Que ce soit la rivière de Gaska, le village de Canak, Comana en Roumanie, toute la Macédoine et plein d’autres lieux, si le vélo ne nous y avait pas emmené, nous n’y serions pas allés. On n’y aurait même pas songé. Le vélo apporte cette dose de plaisir. Il vous amène dans une ville, mais en passant par les petits chemins… Et sur ces petits chemins, il se passe plein de belles choses. Loin du tourisme de masse, on a tendance à l’éviter au fil des kilomètres parcourus. Les lieux fréquentés nous semblent stressants et invivables !

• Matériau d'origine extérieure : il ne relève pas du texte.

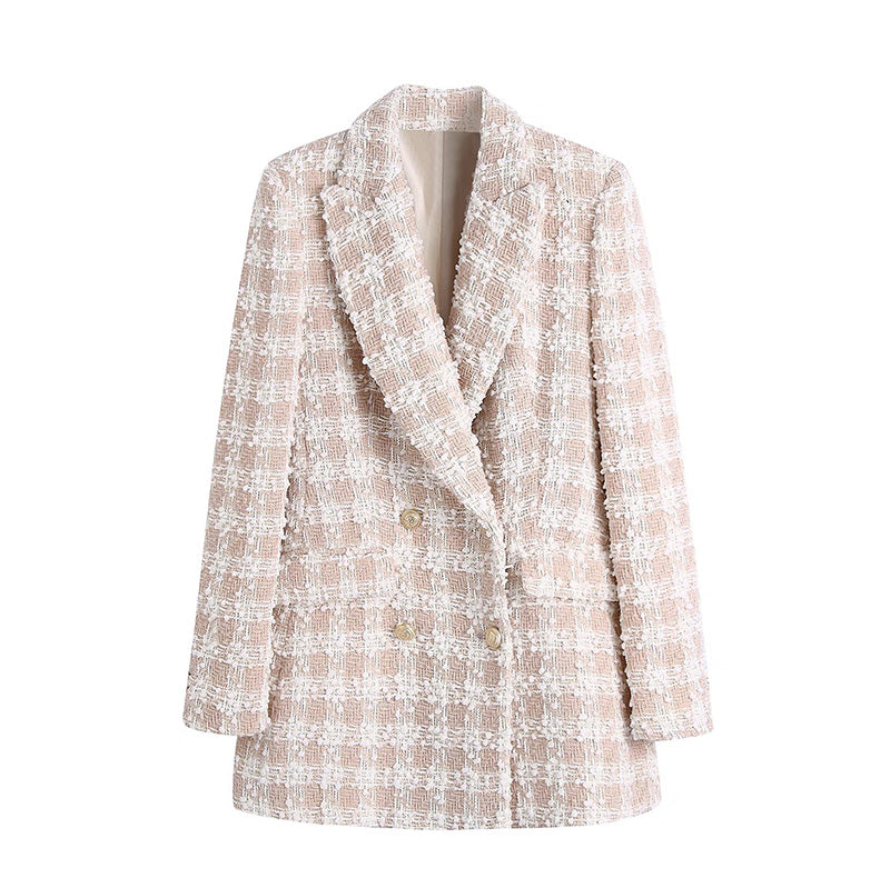 Текстурата на платът е каре, като добавя интерес и изтънченост към визията. Сакото е перфектно за ежедневието, осигурявайки уникален и стилен вид.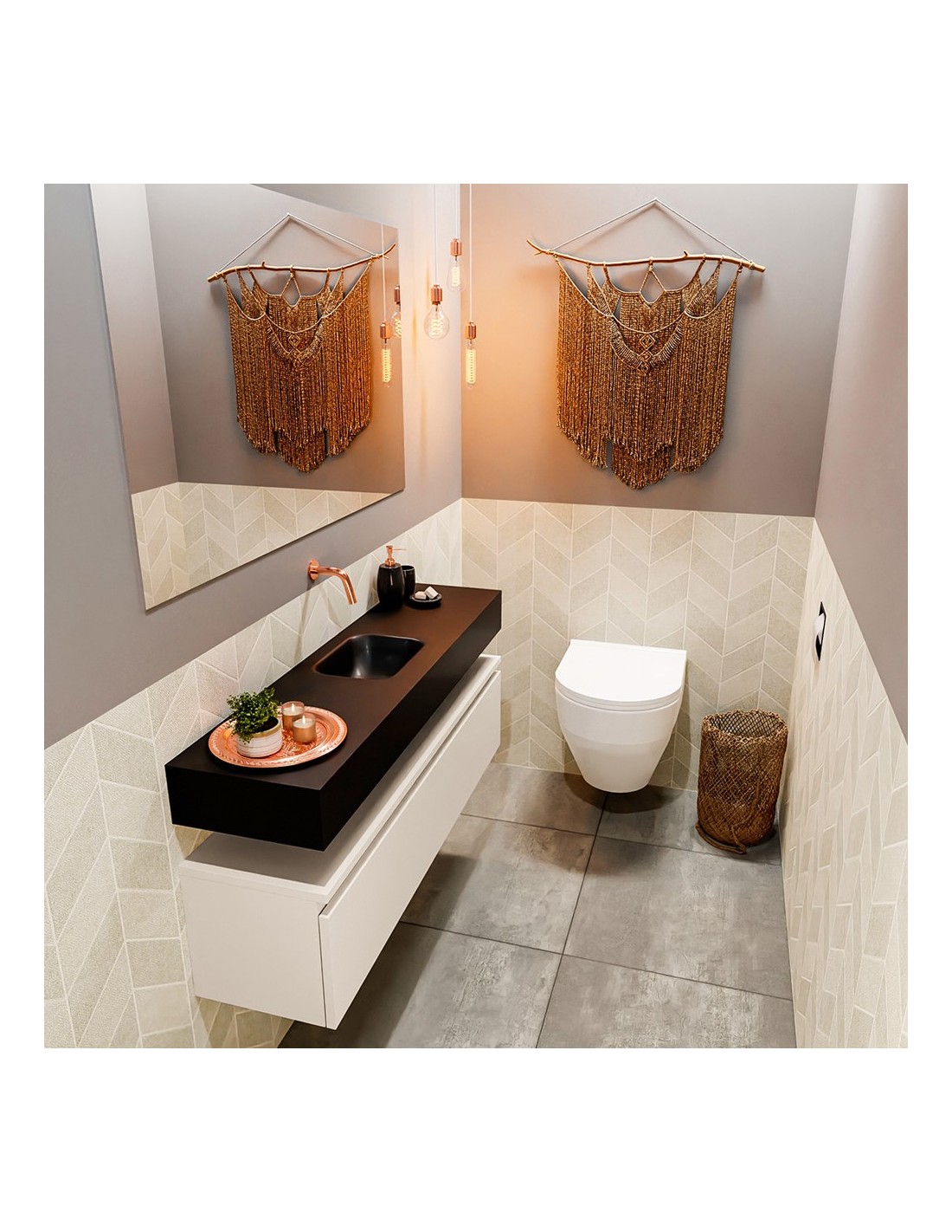 ANDOR Komplet badmiljø centreret håndvask B120 cm MDF - Linned/Sort
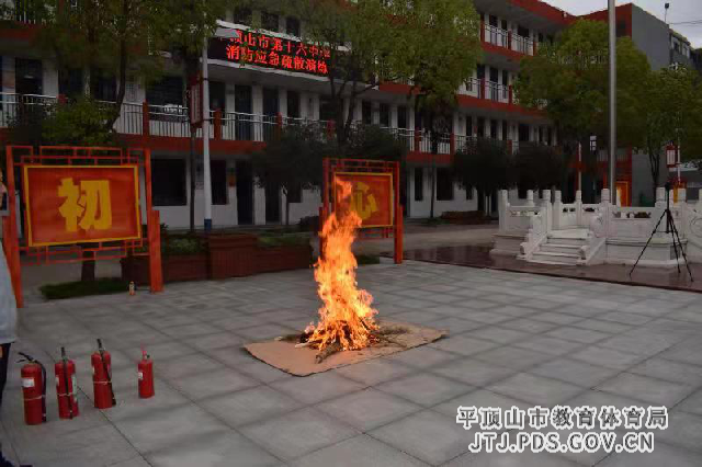 随着演练总指挥副校长茹建峰发出的紧急疏散哨声响起,全体工作人员迅速进入各自岗位,指挥学生有序的进行安全疏散演练。学生按照指定的安全出口和疏散路线,迅速有序地撤离教学楼,疏散到安全地点,整个疏散演练活动使用了2分20秒。在疏散演习中,学生保持了快速反应的能力和安全良好的秩序,并在现场进行了消防灭火演习,取得了良好的演习成效。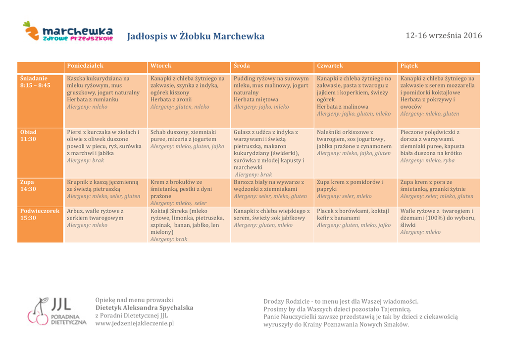 12-16września2016 JadłospiswŻłobkuMarchewka Poniedziałek Wtorek Środa Czwartek Piątek Śniadanie 8:15–8:45 Kaszkakukurydzianana mlekuryżowym,mus gruszkowy,jogurtnaturalny Herbatazrumianku Alergeny:mleko Kanapkizchlebażytniegona zakwasie,szynkazindyka, ogórekkiszony Herbatazaronii Alergeny:gluten,mleko Puddingryżowynasurowym mleku,musmalinowy,jogurt naturalny Herbatamiętowa Alergeny:jajko,mleko Kanapkizchlebażytniegona zakwasie,pastaztwaroguz jajkiemikoperkiem,świeży ogórek Herbatazmalinowa Alergeny:jajko,gluten,mleko Kanapkizchlebażytniegona zakwasiezseremmozzarella ipomidorkikoktajlowe Herbatazpokrzywyi owoców Alergeny:mleko,gluten Obiad 11:30 Piersizkurczakawziołachi oliwiezoliwekduszone powoliwpiecu,ryż,surówka zmarchwiijabłka Alergeny:brak Schabduszony,ziemniaki puree,mizeriazjogurtem Alergeny:mleko,gluten,jajko Naleśnikiorkiszowez twarogiem,sosjogurtowy, jabłkaprażonezcynamonem Alergeny:mleko,jajko,gluten Pieczonepolędwiczkiz dorszazwarzywami. ziemniakipuree,kapusta białaduszonanakrótko Alergeny:mleko,ryba Zupa 14:30 Krupnikzkasząjęczmienną ześwieżąpietruszką Alergeny:mleko,seler,gluten Arbuz,wafleryżowez serkiemtwarogowym Alergeny:mleko Kremzbrokułówze śmietanką,pestkizdyni prażone Alergeny:mleko,seler KoktajlShreka(mleko ryżowe,limonka,pietruszka, szpinak,banan,jabłko,len mielony) Alergeny:brak Gulaszzudźcazindykaz warzywamiiświeżą pietruszką,makaron kukurydziany(świderki), surówkazmłodejkapustyi marchewki Alergeny:brak Barszczbiałynawywarzez wędzonkizziemniakami Alergeny:seler,mleko,gluten Zupakremzpomidorówi papryki Alergeny:seler,mleko Zupakremzporaze śmietanką,grzankiżytnie Alergeny:seler,mleko,gluten Wafleryżoweztwarogiemi dżemami(100%)dowyboru, śliwki Alergeny:mleko Podwieczorek 15:30 Kanapkizchlebawiejskiegoz Placekzborówkami,koktajl serem,świeżysokjabłkowy kefirzbananami Alergeny:gluten,mleko Alergeny:gluten,mleko,jajko Opiekęnadmenuprowadzi DietetykAleksandraSpychalska zPoradniDietetycznejJJL www.jedzeniejakleczenie.pl DrodzyRodzicie-tomenujestdlaWaszejwiadomości. ProsimybydlaWaszychdziecipozostałoTajemnicą. PanieNauczycielkizawszeprzedstawiąjetakbydziecizciekawością wyruszyłydoKrainyPoznawaniaNowychSmaków.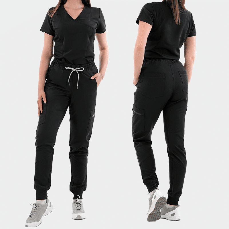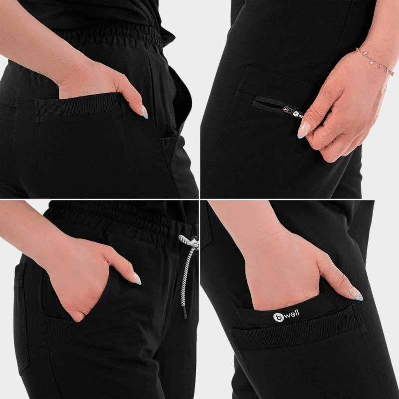 Γυναικείο ιατρικό παντελόνι (Scrub trousers) Bwell RICCI. Χρώμα Μαύρο. Με σπορ κομψή γραμμή, 7 τσέπες και ελαστική μέση. Από διαπνέον ύφασμα για άνεση και σιγουριά όλη μέρα.
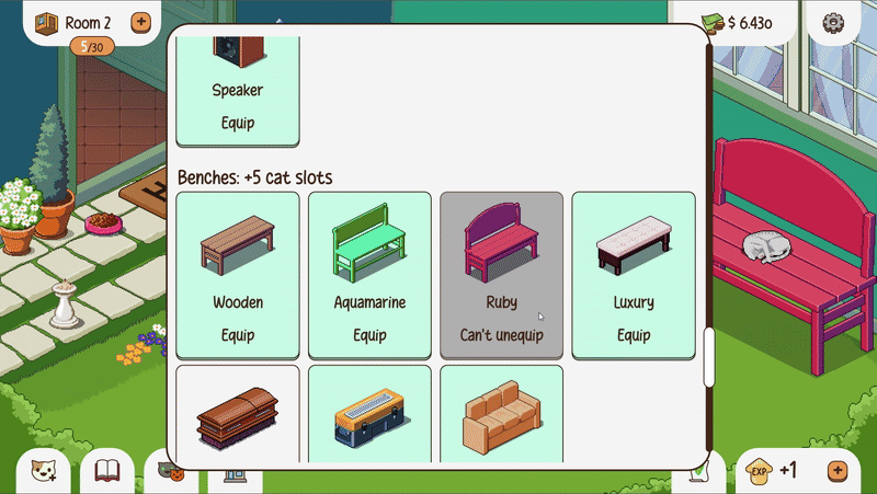 Just remember that you need to move cats away from towers and benches to be able to unequip them.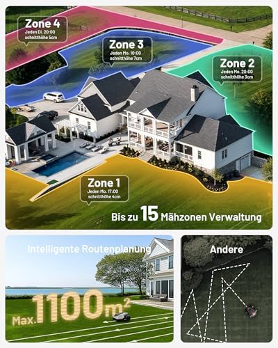 - Leichter, aber Intelligenter: Der YUKA mini passt sich Ihren Bedürfnissen an und verwaltet bis zu 15 Mähzonen mit benutzerdefinierten Aufgaben und Richtungen, während er automatisch Pfade zwischen ihnen erstellt - ohne manuelles Heben. Legen Sie No-Go-Zonen für Blumenbeete, Pools und Spielbereiche fest, und der YUKA mini wird sie strikt meiden.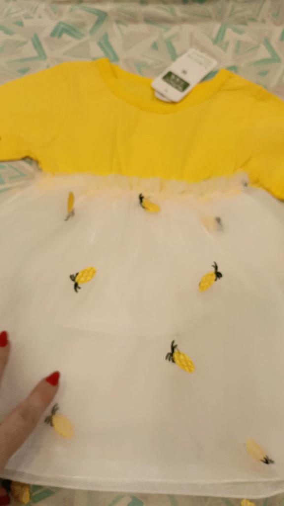 Я в восторге от этого платьица Взяла внучке на 1,5 года, чуть большевато будет, но она у нас дюймовочка. Платьице просто чудо, яркое, нарядное, пышное. Для королевы ананасов! Доставка в Казахстан ровно месяц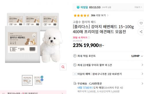 [11번가] 플리다스 강아지 배변패드 15~100g 400매 프리미엄 애견패드 모음전 (19,900원/무료배송) > 국내핫딜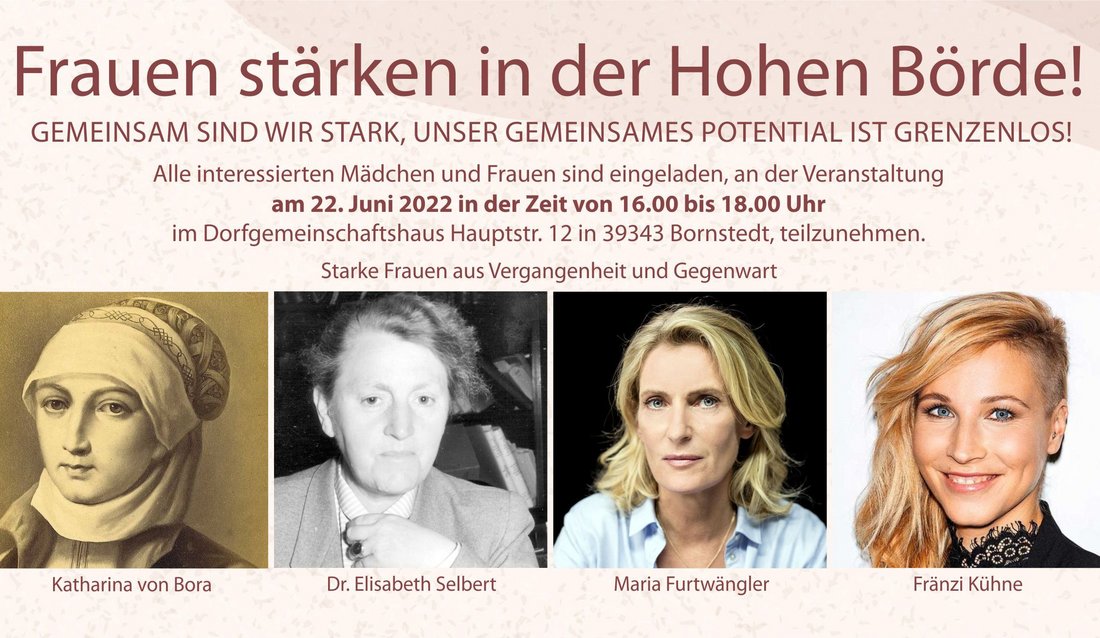 „Frauen stärken in der Hohen Börde! Gemeinsam sind wir stark, unser Potential ist grenzenlos!“ ist eine Initiative überschrieben, deren Auftaktveranstaltung am Mittwoch, dem 22. Juni, um 16 Uhr im Bornstedter Dorfgemeinschaftshaus beginnt.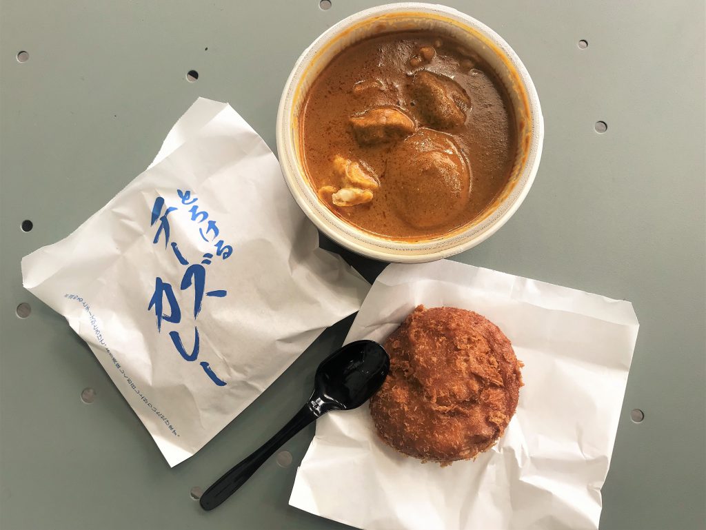 カレーパンだけでなく、カレーとサラダもテイクアウト可。この日はバターチキンカレー(カレー各種750円)とカレーパン2種(各250円)を。カレー尽くしになってしまいました、、笑

10. On rentre en se connaissant un peu mieux

Finalement c’est, selon moi, le point essentiel du voyage à vélo. Ce que j’ai appris pendant ce voyage est complètement différent de ce que j’ai appris en rentrant de 4 mois en Espagne ou d’un an en Nouvelle-Zélande. Peut-être parce que je suis plus âgée aussi… Mais sûrement parce que je ne me suis pas physiquement mise au défi lors des mes précédentes expatriations. Par exemple, je sais désormais que dès que c’est un peu difficile physiquement, je râlais tout le temps (mais vraiment tout le temps…), parce que j’avais peur de ne pas y arriver ! C’est dommage, parce qu’en réagissant comme cela, je me ralentissais, me poussant à ne pas y arriver, vous voyez un peu le cercle infernal ? Il n’empêche que pour arriver à ce raisonnement, il m’a fallu des heures et des heures d’analyse sur mes deux roues ! Pour finalement, y arriver à plusieurs reprises et me dire qu’il fallait juste attendre que ça passe et que ça passerait.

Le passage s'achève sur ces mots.